■ GIVEN RECORDS
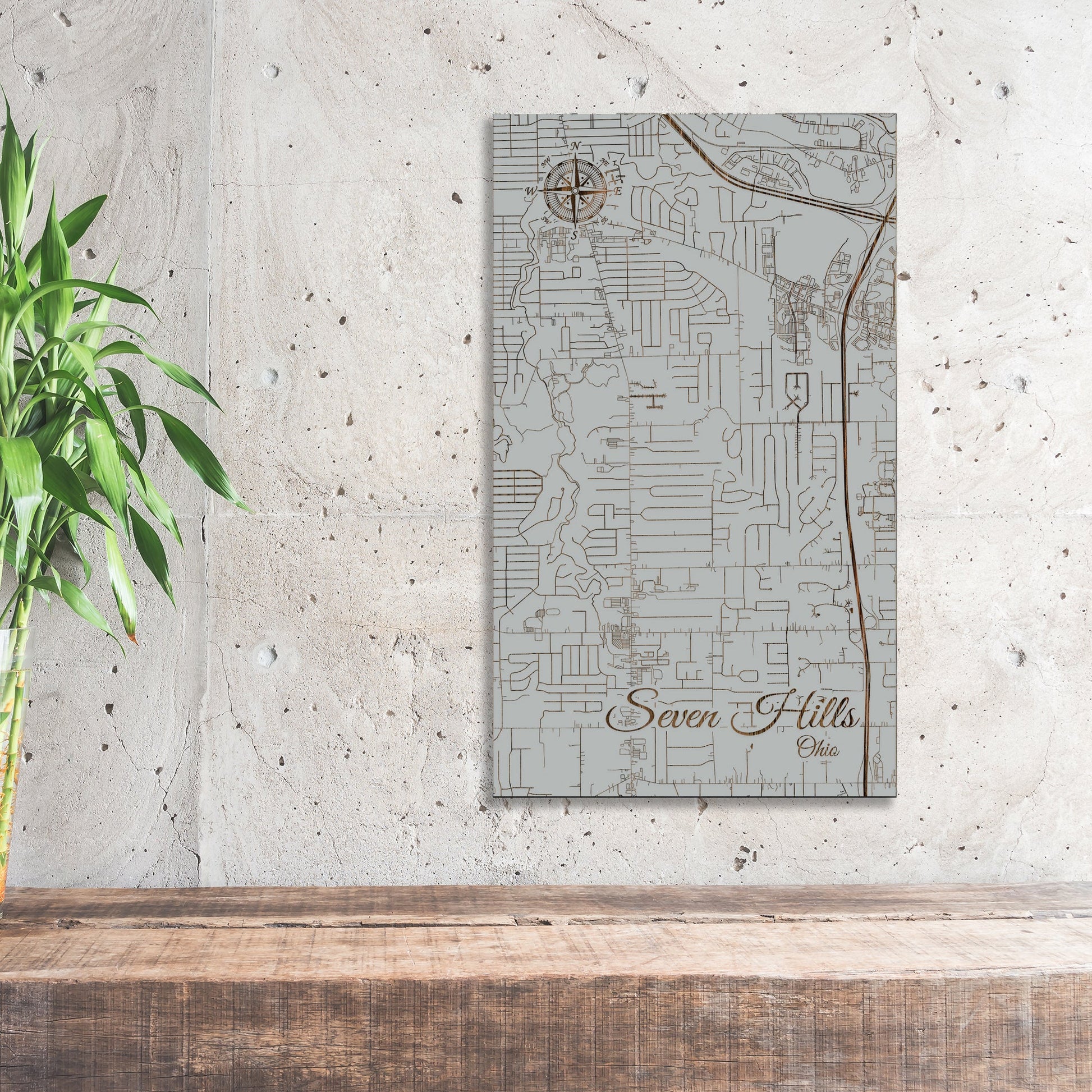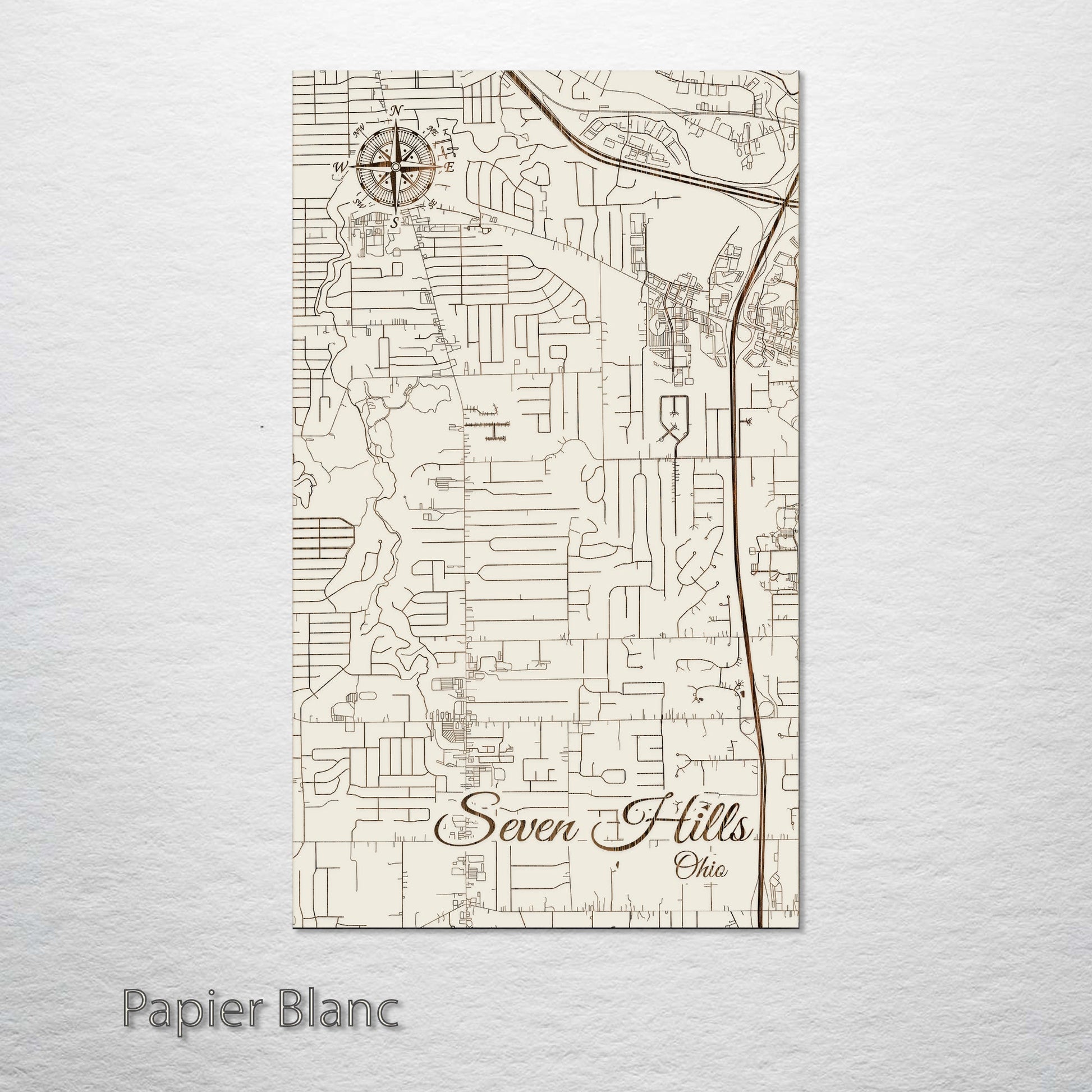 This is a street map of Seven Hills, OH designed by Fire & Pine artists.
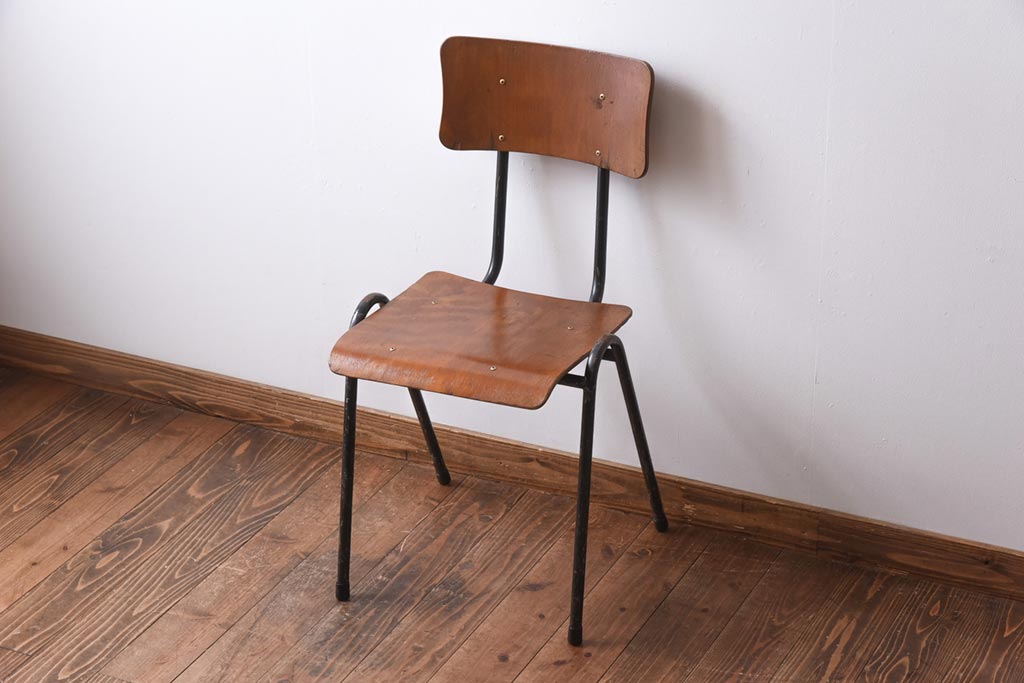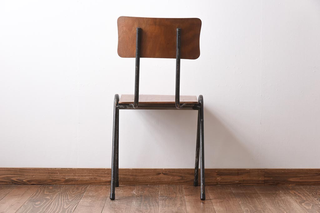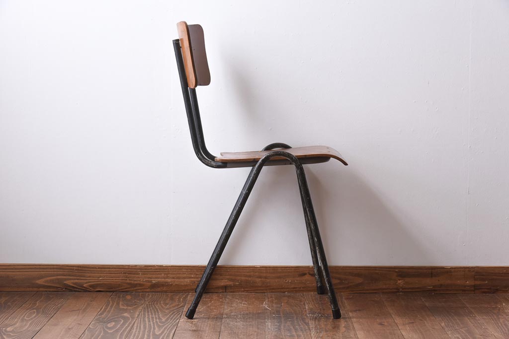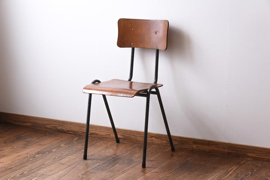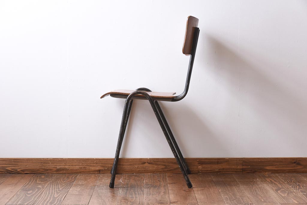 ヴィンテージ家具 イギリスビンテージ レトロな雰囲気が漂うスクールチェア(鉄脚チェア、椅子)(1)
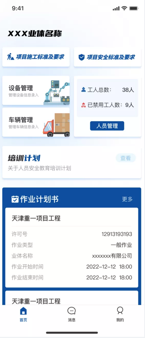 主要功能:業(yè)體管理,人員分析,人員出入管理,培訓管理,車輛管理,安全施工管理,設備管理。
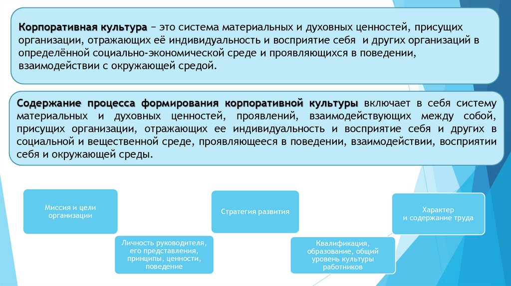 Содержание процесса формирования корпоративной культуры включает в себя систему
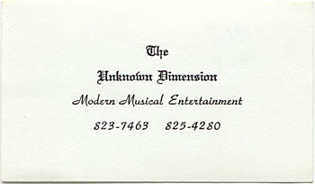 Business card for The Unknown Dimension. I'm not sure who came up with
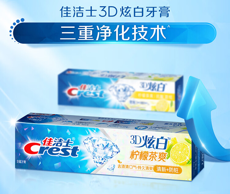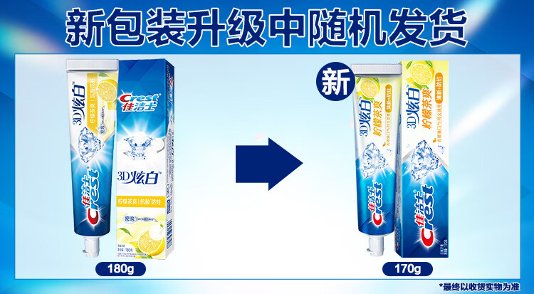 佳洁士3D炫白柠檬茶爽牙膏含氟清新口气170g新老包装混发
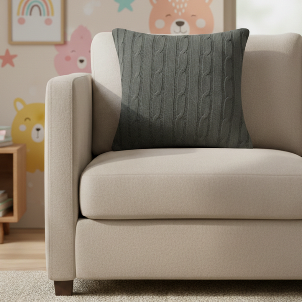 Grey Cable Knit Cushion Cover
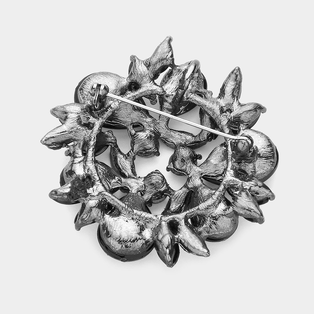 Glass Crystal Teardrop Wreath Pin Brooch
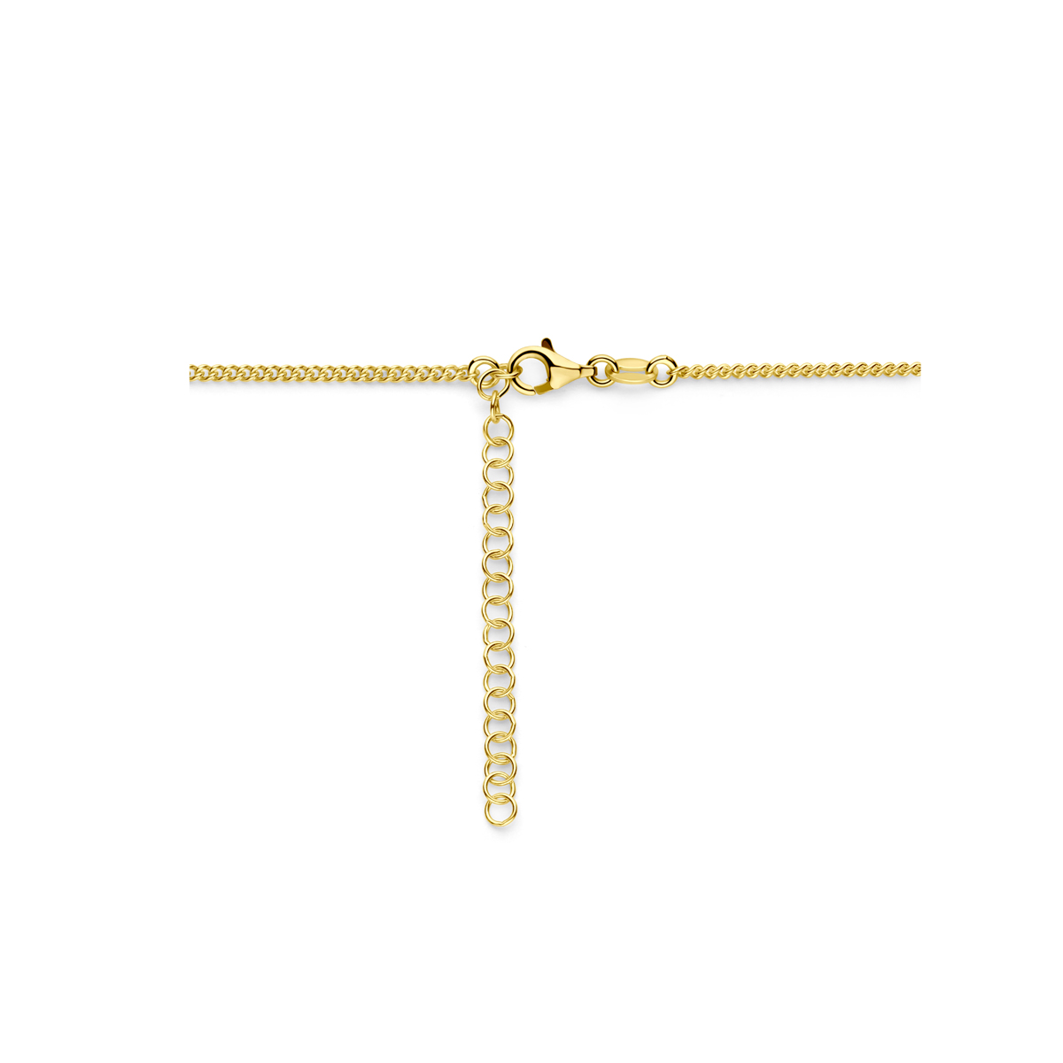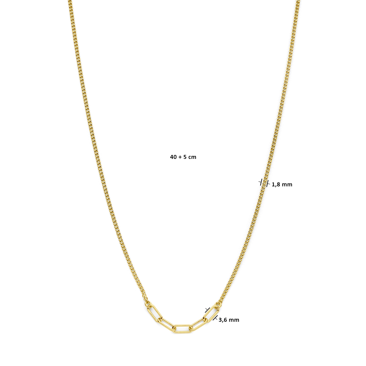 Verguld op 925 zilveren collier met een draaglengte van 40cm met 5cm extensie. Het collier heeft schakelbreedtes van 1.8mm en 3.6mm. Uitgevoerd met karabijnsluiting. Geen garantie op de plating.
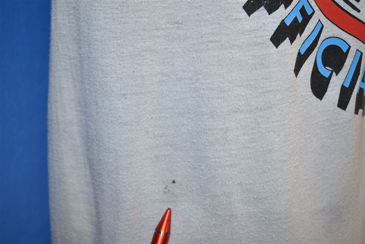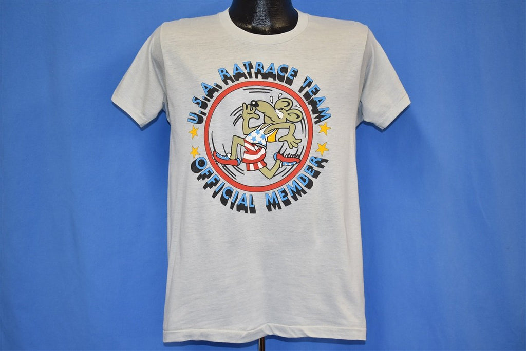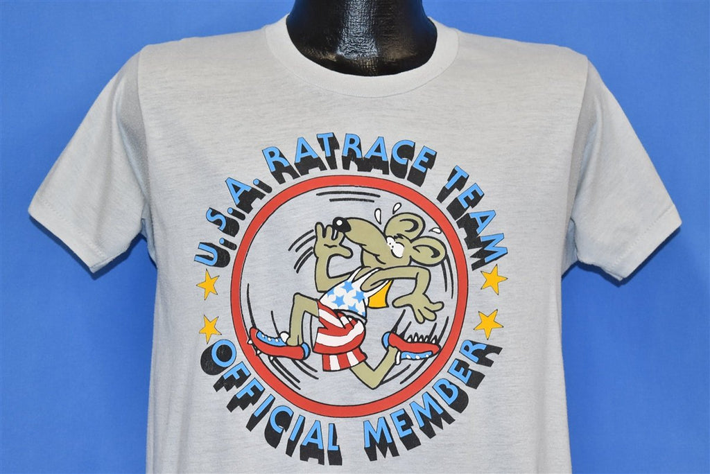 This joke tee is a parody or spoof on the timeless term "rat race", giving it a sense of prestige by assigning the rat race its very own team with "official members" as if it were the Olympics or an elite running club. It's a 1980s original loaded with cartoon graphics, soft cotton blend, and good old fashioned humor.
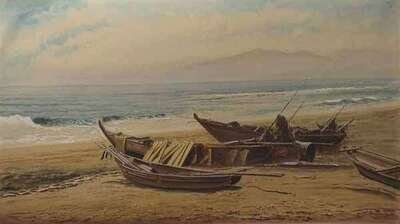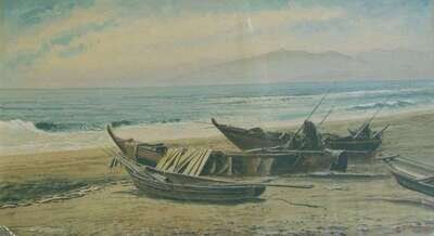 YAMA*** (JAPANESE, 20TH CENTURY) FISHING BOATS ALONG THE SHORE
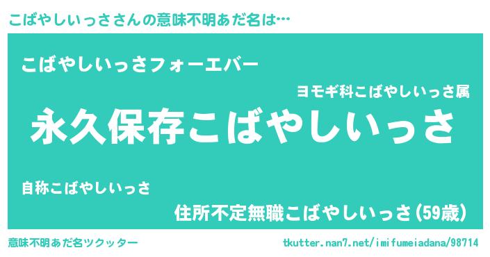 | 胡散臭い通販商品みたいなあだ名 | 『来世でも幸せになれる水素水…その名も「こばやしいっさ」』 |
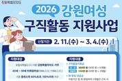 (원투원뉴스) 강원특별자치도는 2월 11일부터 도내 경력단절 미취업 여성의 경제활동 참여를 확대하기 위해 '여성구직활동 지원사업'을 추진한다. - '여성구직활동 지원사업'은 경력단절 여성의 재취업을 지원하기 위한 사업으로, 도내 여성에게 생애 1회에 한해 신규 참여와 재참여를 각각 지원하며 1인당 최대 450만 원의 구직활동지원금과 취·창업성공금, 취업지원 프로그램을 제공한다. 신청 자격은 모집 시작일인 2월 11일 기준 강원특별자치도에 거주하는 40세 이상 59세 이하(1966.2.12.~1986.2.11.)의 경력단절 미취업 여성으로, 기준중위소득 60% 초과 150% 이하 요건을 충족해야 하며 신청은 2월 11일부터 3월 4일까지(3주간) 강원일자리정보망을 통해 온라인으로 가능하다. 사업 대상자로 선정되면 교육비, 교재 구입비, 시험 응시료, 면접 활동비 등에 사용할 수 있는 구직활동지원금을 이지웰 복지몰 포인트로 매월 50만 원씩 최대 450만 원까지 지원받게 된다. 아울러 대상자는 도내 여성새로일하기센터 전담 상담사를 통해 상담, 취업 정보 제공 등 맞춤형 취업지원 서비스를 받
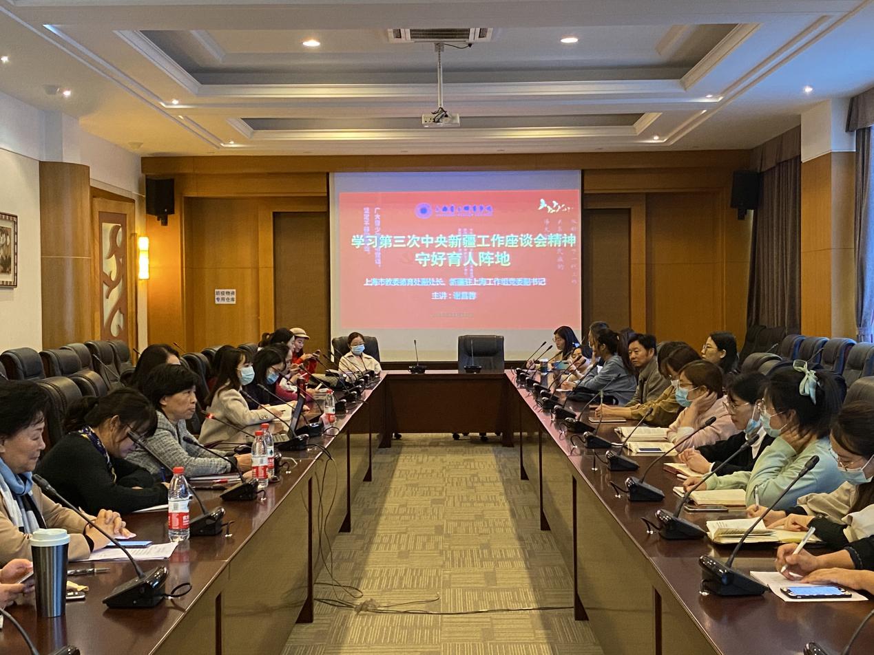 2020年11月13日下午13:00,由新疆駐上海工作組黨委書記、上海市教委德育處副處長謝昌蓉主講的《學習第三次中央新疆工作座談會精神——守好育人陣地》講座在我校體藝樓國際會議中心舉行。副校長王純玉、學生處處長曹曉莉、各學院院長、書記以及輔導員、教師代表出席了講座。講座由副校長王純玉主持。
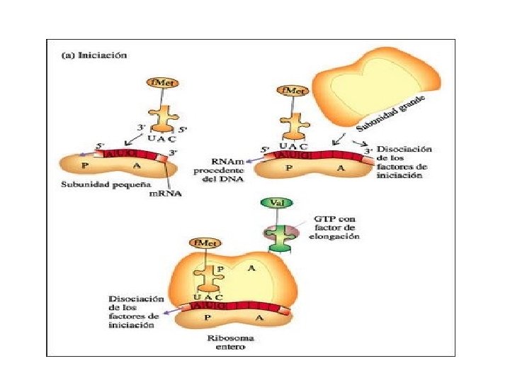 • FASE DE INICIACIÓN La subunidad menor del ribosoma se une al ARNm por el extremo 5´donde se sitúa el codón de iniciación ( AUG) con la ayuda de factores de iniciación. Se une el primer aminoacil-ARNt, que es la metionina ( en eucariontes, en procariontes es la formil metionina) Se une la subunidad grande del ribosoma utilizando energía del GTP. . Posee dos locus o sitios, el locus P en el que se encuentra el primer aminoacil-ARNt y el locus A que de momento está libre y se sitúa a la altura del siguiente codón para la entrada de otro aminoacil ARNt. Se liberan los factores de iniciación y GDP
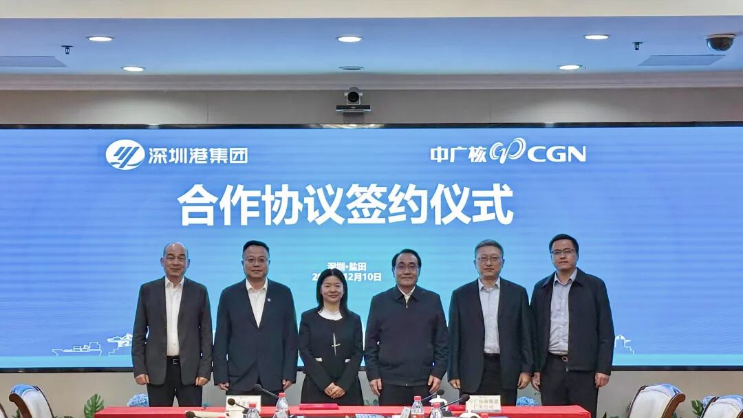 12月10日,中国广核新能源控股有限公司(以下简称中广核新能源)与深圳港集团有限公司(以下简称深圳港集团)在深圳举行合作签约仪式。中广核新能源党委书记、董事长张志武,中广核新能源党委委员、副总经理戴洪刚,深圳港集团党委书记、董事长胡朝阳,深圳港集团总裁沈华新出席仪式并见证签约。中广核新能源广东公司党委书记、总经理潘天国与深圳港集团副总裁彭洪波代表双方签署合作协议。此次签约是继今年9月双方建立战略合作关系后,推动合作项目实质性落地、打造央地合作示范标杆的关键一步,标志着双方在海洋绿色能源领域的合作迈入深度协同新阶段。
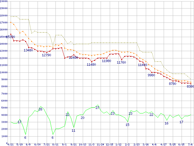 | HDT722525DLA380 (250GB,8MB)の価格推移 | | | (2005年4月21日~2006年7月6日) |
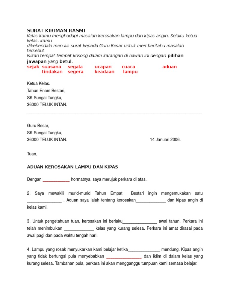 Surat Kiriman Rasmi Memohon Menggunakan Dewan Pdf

■ TASK REQUIREMENTS
Leave out all pictures and output each line exactly, from the top of the records through the line that holds "(원투원뉴스) 강원특별자치도는 2월".

■ EXPECTED ANSWER
 This is a street map of Seven Hills, OH designed by Fire & Pine artists.
 ヴィンテージ家具 イギリスビンテージ レトロな雰囲気が漂うスクールチェア(鉄脚チェア、椅子)(1)
 主要功能:業(yè)體管理,人員分析,人員出入管理,培訓管理,車輛管理,安全施工管理,設備管理。
 Содержание процесса формирования корпоративной культуры включает в себя систему
 Business card for The Unknown Dimension. I'm not sure who came up with
 佳洁士3D炫白柠檬茶爽牙膏含氟清新口气170g新老包装混发
 Grey Cable Knit Cushion Cover
 Glass Crystal Teardrop Wreath Pin Brooch
 Verguld op 925 zilveren collier met een draaglengte van 40cm met 5cm extensie. Het collier heeft schakelbreedtes van 1.8mm en 3.6mm. Uitgevoerd met karabijnsluiting. Geen garantie op de plating.
 This joke tee is a parody or spoof on the timeless term "rat race", giving it a sense of prestige by assigning the rat race its very own team with "official members" as if it were the Olympics or an elite running club. It's a 1980s original loaded with cartoon graphics, soft cotton blend, and good old fashioned humor.
 YAMA*** (JAPANESE, 20TH CENTURY) FISHING BOATS ALONG THE SHORE
 | 胡散臭い通販商品みたいなあだ名 | 『来世でも幸せになれる水素水…その名も「こばやしいっさ」』 |
 (원투원뉴스) 강원특별자치도는 2월 11일부터 도내 경력단절 미취업 여성의 경제활동 참여를 확대하기 위해 '여성구직활동 지원사업'을 추진한다. - '여성구직활동 지원사업'은 경력단절 여성의 재취업을 지원하기 위한 사업으로, 도내 여성에게 생애 1회에 한해 신규 참여와 재참여를 각각 지원하며 1인당 최대 450만 원의 구직활동지원금과 취·창업성공금, 취업지원 프로그램을 제공한다. 신청 자격은 모집 시작일인 2월 11일 기준 강원특별자치도에 거주하는 40세 이상 59세 이하(1966.2.12.~1986.2.11.)의 경력단절 미취업 여성으로, 기준중위소득 60% 초과 150% 이하 요건을 충족해야 하며 신청은 2월 11일부터 3월 4일까지(3주간) 강원일자리정보망을 통해 온라인으로 가능하다. 사업 대상자로 선정되면 교육비, 교재 구입비, 시험 응시료, 면접 활동비 등에 사용할 수 있는 구직활동지원금을 이지웰 복지몰 포인트로 매월 50만 원씩 최대 450만 원까지 지원받게 된다. 아울러 대상자는 도내 여성새로일하기센터 전담 상담사를 통해 상담, 취업 정보 제공 등 맞춤형 취업지원 서비스를 받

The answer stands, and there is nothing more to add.